::: THE RECORDS :::

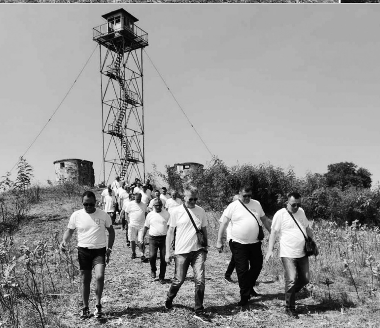
Као некад граничним стазама
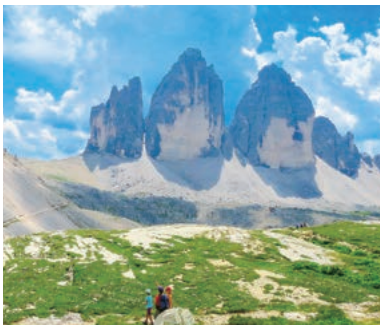
▲ドロミテを代表する岩峰ドライチンネン

ドロミテとオーストリアの2大人気山岳エリアを訪れて多彩なハイキングや散策を楽しみます。ドロミテの圧倒的な迫力の岩峰群、美しいフネス谷やカルディナ谷、オーストリア最高峰グロスグロックナー(3,798m)など見どころは満載。旅はインスブルックから始まり、締めくくりはザルツブルクと2つの古都を巡りながら歴史と文化を堪能します。
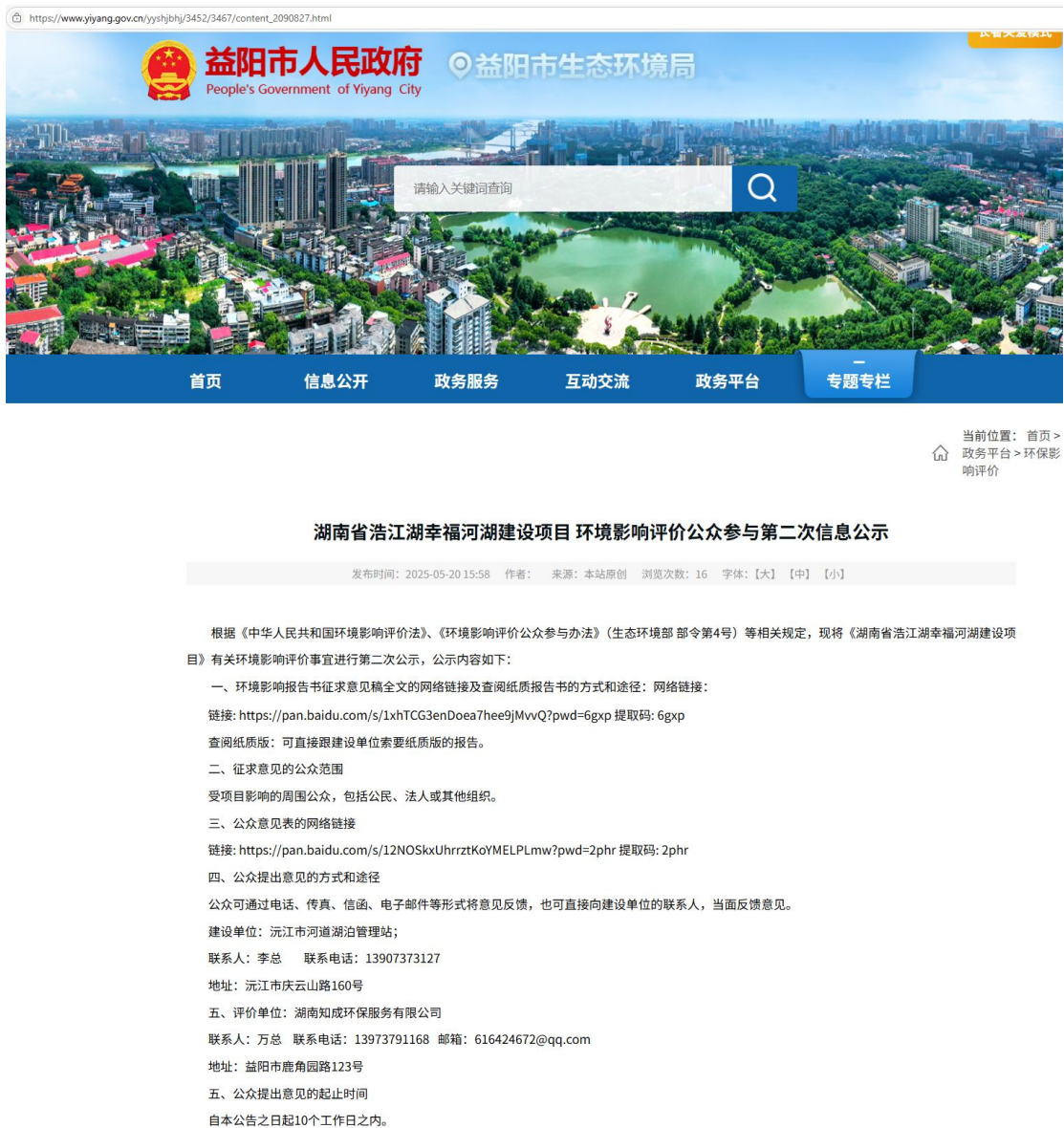
图 3.2-1 第二次环境影响评价信息公开网络公示截图

）进行了网络公示，公示期为 2025 年 5 月 20 日~2025 年 6 月 3 日，其符合《环境影响评价公众参与办法》（生态环境部令部令 2018 年第 4 号）中第十条：通过网络平台公开，且持续公开期限不得少于 10 个工作日的要求；征求意见稿网络公示截图如下图所示。
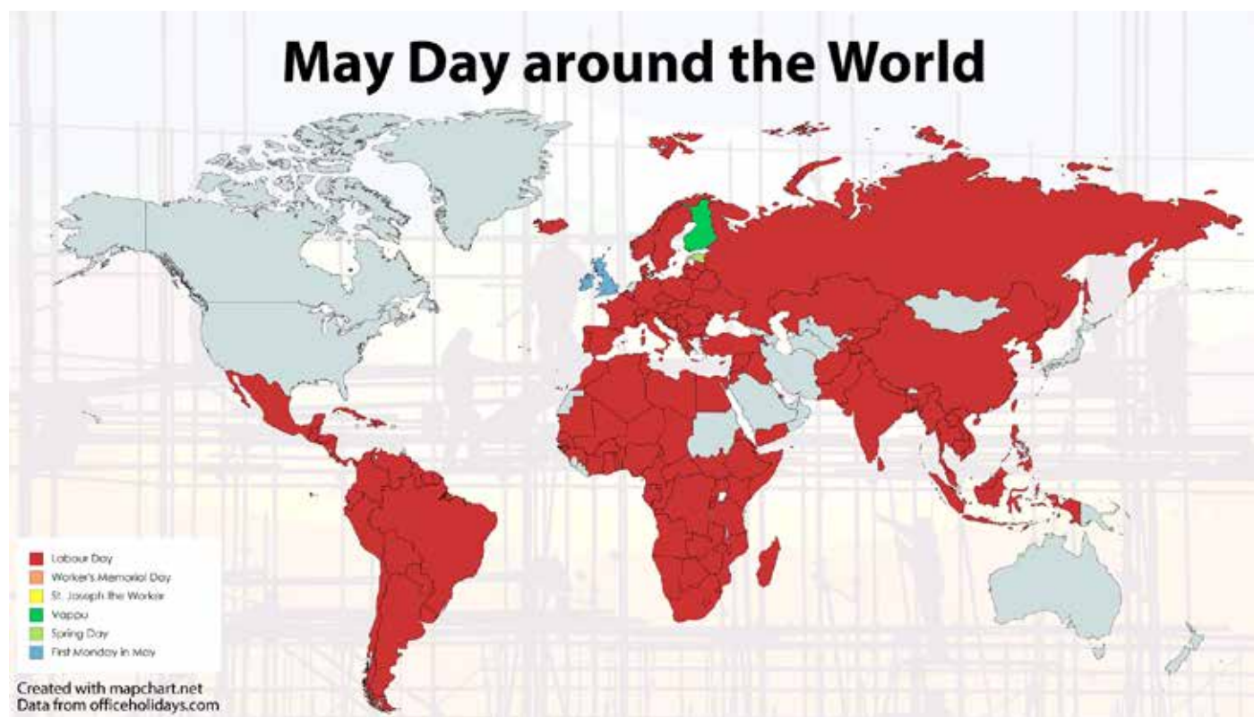
MAPA DE PAISES QUE CELEBRAN EL DÍA DEL TRABAJO EL PRIMERO DE MAYO

Hay países que conmemoran el día del trabajo en otros días, como en Estados Unidos y Canadá, que celebran el Labor Day (Día del Trabajo) el primer lunes de septiembre, y Nueva Zelanda, que lo celebra el cuarto lunes de octubre.
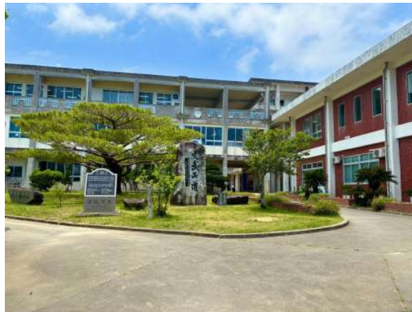
石垣中学校 800m (徒歩 10分)
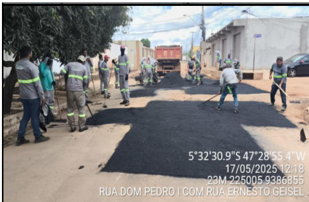
Rua Dom Pedro I

:::

Could you output all the entries above exactly as written, leaving out the pictures?

• _TASK SOLUTION_
Као некад граничним стазама
▲ドロミテを代表する岩峰ドライチンネン

ドロミテとオーストリアの2大人気山岳エリアを訪れて多彩なハイキングや散策を楽しみます。ドロミテの圧倒的な迫力の岩峰群、美しいフネス谷やカルディナ谷、オーストリア最高峰グロスグロックナー(3,798m)など見どころは満載。旅はインスブルックから始まり、締めくくりはザルツブルクと2つの古都を巡りながら歴史と文化を堪能します。
图 3.2-1 第二次环境影响评价信息公开网络公示截图

）进行了网络公示，公示期为 2025 年 5 月 20 日~2025 年 6 月 3 日，其符合《环境影响评价公众参与办法》（生态环境部令部令 2018 年第 4 号）中第十条：通过网络平台公开，且持续公开期限不得少于 10 个工作日的要求；征求意见稿网络公示截图如下图所示。
MAPA DE PAISES QUE CELEBRAN EL DÍA DEL TRABAJO EL PRIMERO DE MAYO

Hay países que conmemoran el día del trabajo en otros días, como en Estados Unidos y Canadá, que celebran el Labor Day (Día del Trabajo) el primer lunes de septiembre, y Nueva Zelanda, que lo celebra el cuarto lunes de octubre.
石垣中学校 800m (徒歩 10分)
Rua Dom Pedro I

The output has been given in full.